Capture and Critical Scattering of a Long Cosmic String by a Rotating Black Hole

TL;DR

This paper investigates how a rotating black hole interacts with an infinitely long cosmic string, analyzing conditions for scattering or capture, and exploring relativistic effects like coil formation through numerical simulations.

Contribution

It introduces a detailed numerical analysis of cosmic string capture and scattering by rotating black holes, including the effects of black hole spin and string velocity.

Findings

Critical impact parameter depends on black hole rotation and string velocity.

Prograde motion has a lower critical impact parameter than retrograde.

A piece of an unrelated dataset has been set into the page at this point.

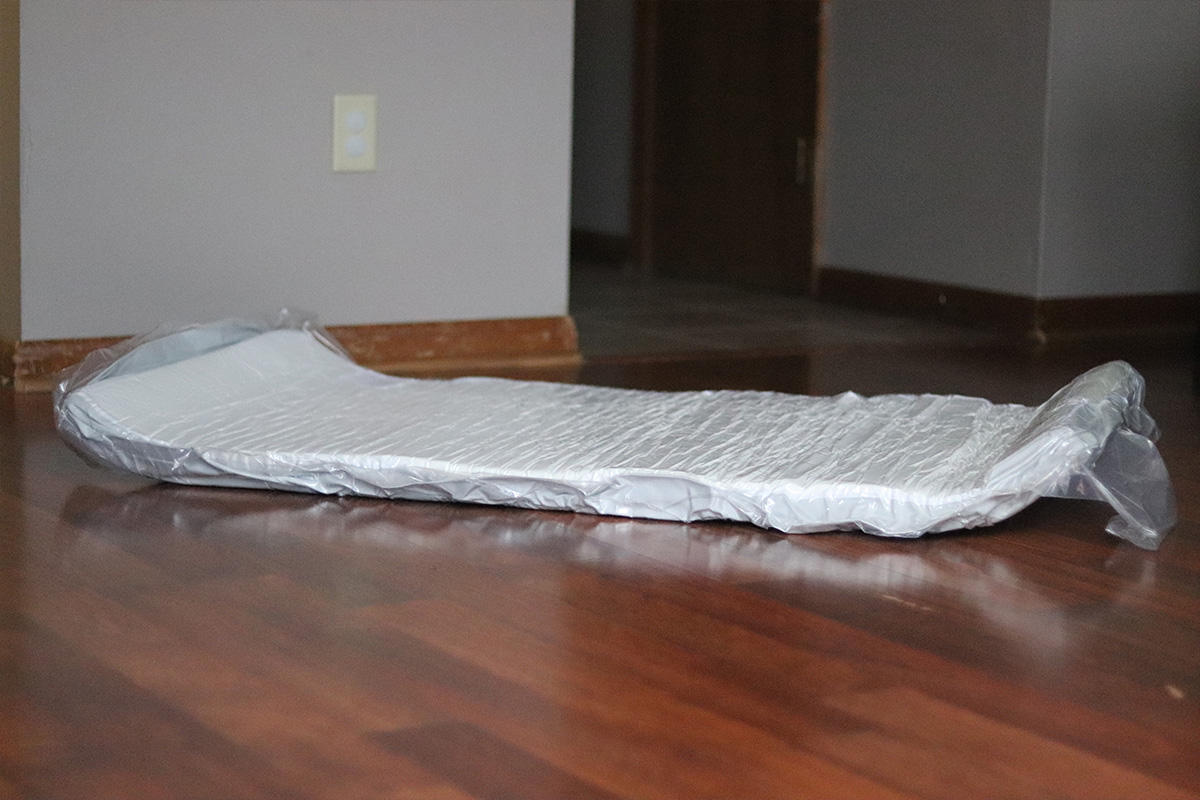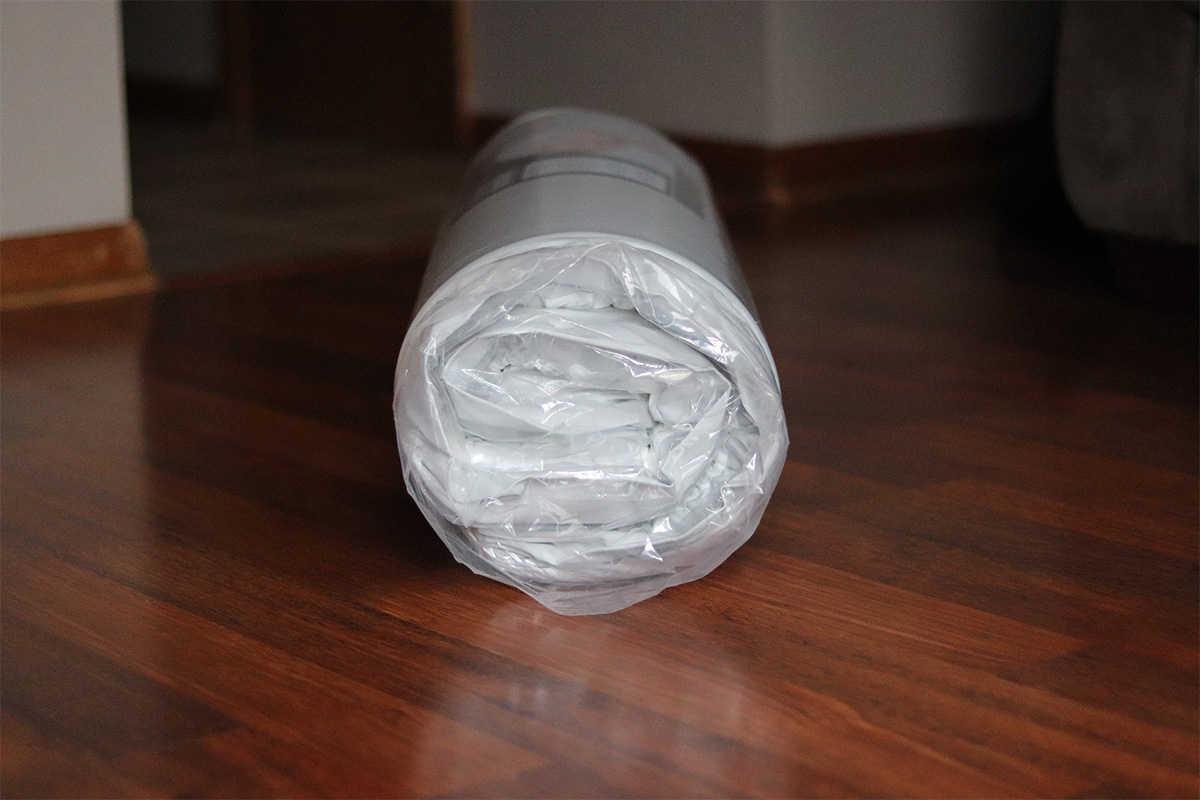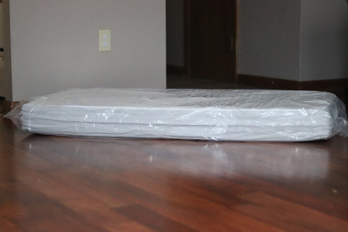 It came in a rectangular box, all rolled up. This mattress’ dimensions state that it fits in standard sized cribs and toddler beds. Measures: 52 x 27½ x 5.5 inches. The dimensions didn’t matter to us since it was going on the floor.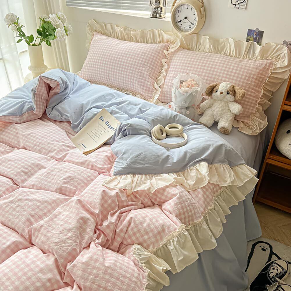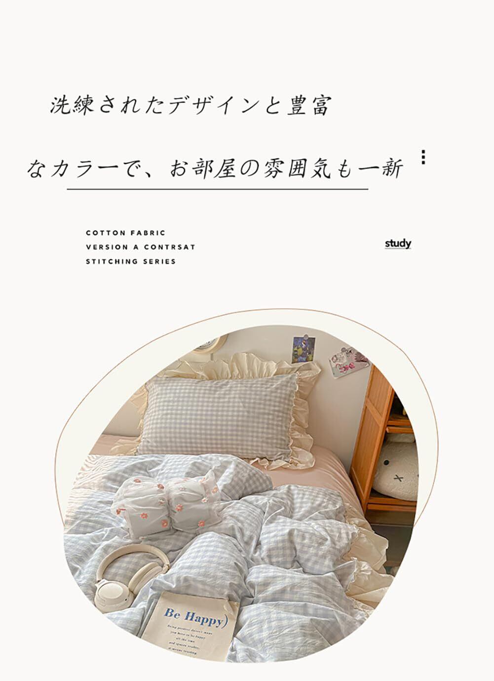 【チェック柄デザイン】チェック柄とフリルの組み合わせで、ノスタルジーな雰囲気を演出。可愛らしさと上品さを両立し、ベッドルームに温かみのある空間を作り出します。カジュアルなインテリアにも相性抜群で、毎日のくつろぎ時間を特別なものにします。

Ultrarelativistic strings near extremal black holes exhibit multiply valued impact parameter curves.

Abstract

The capture of a straight, infinitely long cosmic string by a rotating black hole with rotation parameter $a$ is considered. We assume that a string is moving with velocity $v$ and that initially the string is parallel to the axis of rotation of the black hole and has the impact parameter $b$. The string can be either scattered or captured by the black hole. We demonstrate that there exists a critical value of the impact parameter $b_c(v,a)$ which separates these two regimes. Using numerical simulations we obtain the critical impact parameter curve for different values of the rotation parameter $a$. We show that for the prograde motion of the string this curve lies below the curve for the retrograde motion. Moreover, for ultrarelativistic strings moving in the prograde direction and nearly extremal black holes the critical impact parameter curve is found to be a multiply valued function of $v$. We obtain real time profiles of the scattered strings in the regime close to the critical. We also study critical scattering and capture of strings by the rotating black hole in the relativistic and ultrarelativistic regime and especially such relativistic effects as coil formation and wrapping effect.